My view: Victims deserve compassion not criticism

Tue, Jun 26th 2018 10:00 am
Diocese of Buffalo
Siobhan O'Connor
Siobhan O'Connor

"Bishop Malone's office, Siobhan speaking - how may I help you?" Over the last two months, a multitude of callers have been on the receiving end of my phone greeting. I've talked to distressed citizens who express anger over Church cover-ups and silence, to concerned Catholics whose faith has been shaken by the priest abuse scandal, and to the victims of this abuse themselves. These latter individuals often share their stories, which are heartbreakingly horrible to hear. Even being on the periphery of their pain has been deeply disturbing. Yet remarkably, it is their strength more than their suffering that has most resonated with me.

It was my privilege to speak with the mother of two abused children, who said she would be praying for the abusing priest because he needs prayers more than anyone. I have spoken to a victim who began to console me when I broke down while speaking to him. Another time a victim shared his story of returning to God and how he found peace and joy through regaining his faith. Often I am overcome by the forgiveness, compassion and resiliency of these individuals.

Yet I've also spoken with people who literally mock victims and accuse them of being "out for money" or "making up stories." Believe me, you can't make this kind of horror up! The victims' descriptions are too detailed, their pain is too raw and their memories are too powerful for them to be frauds. To suggest so is a slap in the face to these brave individuals, who have had the courage to speak of the traumatic abuse they suffered when they were young and innocent. Also, not one victim I've talked to is "in it for the money." In fact, one repeatedly told me that "money can't buy me peace, health, healing or happiness."

And then there is the story of a man I'll call Joseph. A victim of sexual abuse by a priest, he came to the Catholic Center to make a donation to the Independent Reconciliation and Compensation Program, which is part of the diocese's ongoing efforts to help those who were abused as a child by a member of our diocesan clergy.
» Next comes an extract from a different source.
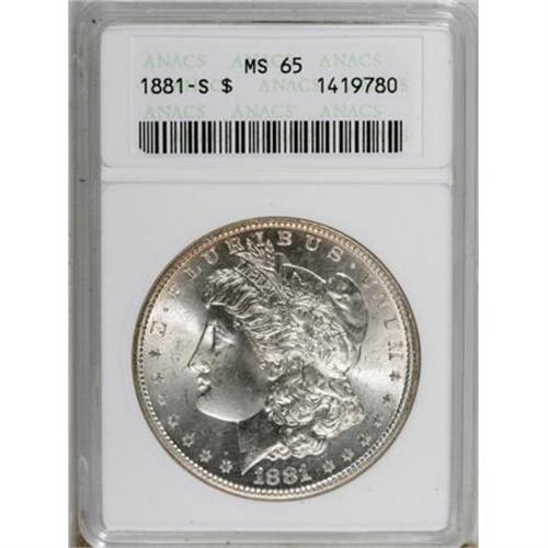 <B>1881-S $1 MS65 ANACS.</B></I> NGC Census: (39444/14469). PCGS Population (40998/11559). Mintage: 12,760,000. Numismedia Wsl. Price for NGC/PCGS coin in MS65: $117. (#7130)<BR><BR><B>Coin Engraver:</B> George T. Morgan<BR><BR><b>Shipping:</b> Coins & Currency (<a target="_blank" href="http://www.heritageauctions.com/common/shipping.php">view shipping information</a>)

Despite enduring great trauma at a young age, Joseph has forgiven his abuser and now seeks to help other victims since he knows their pain so well. His donation, he told me, was inspired by the Amish families who baked pies for the parents of the man who murdered their daughters in the 2006 School House Shooting. Joseph explained that his donation to the IRCP was "his pie."

If you have been inclined to criticize, doubt or disparage the nameless victims whose stories you know nothing about, I beg you to reconsider. Consider Joseph and his pie. That is the kind of man you are mocking. These individuals deserve our compassionate support, not our cynical criticism.
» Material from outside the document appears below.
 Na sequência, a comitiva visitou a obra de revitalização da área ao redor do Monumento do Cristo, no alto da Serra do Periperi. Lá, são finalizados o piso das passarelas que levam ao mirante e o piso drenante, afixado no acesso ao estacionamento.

To the victims: it has been an immense privilege to speak with many of you. Despite the nefarious circumstances that led to our conversations, you have been incredible reminders of the resiliency of the human spirit. I want you to know that I believe you. I support you. I respect you. And, with all my heart, I thank you for restoring my faith in humanity when it was at its lowest ebb. You are enduring witnesses to the power of hope and healing. I will pray for you every day as long as I live.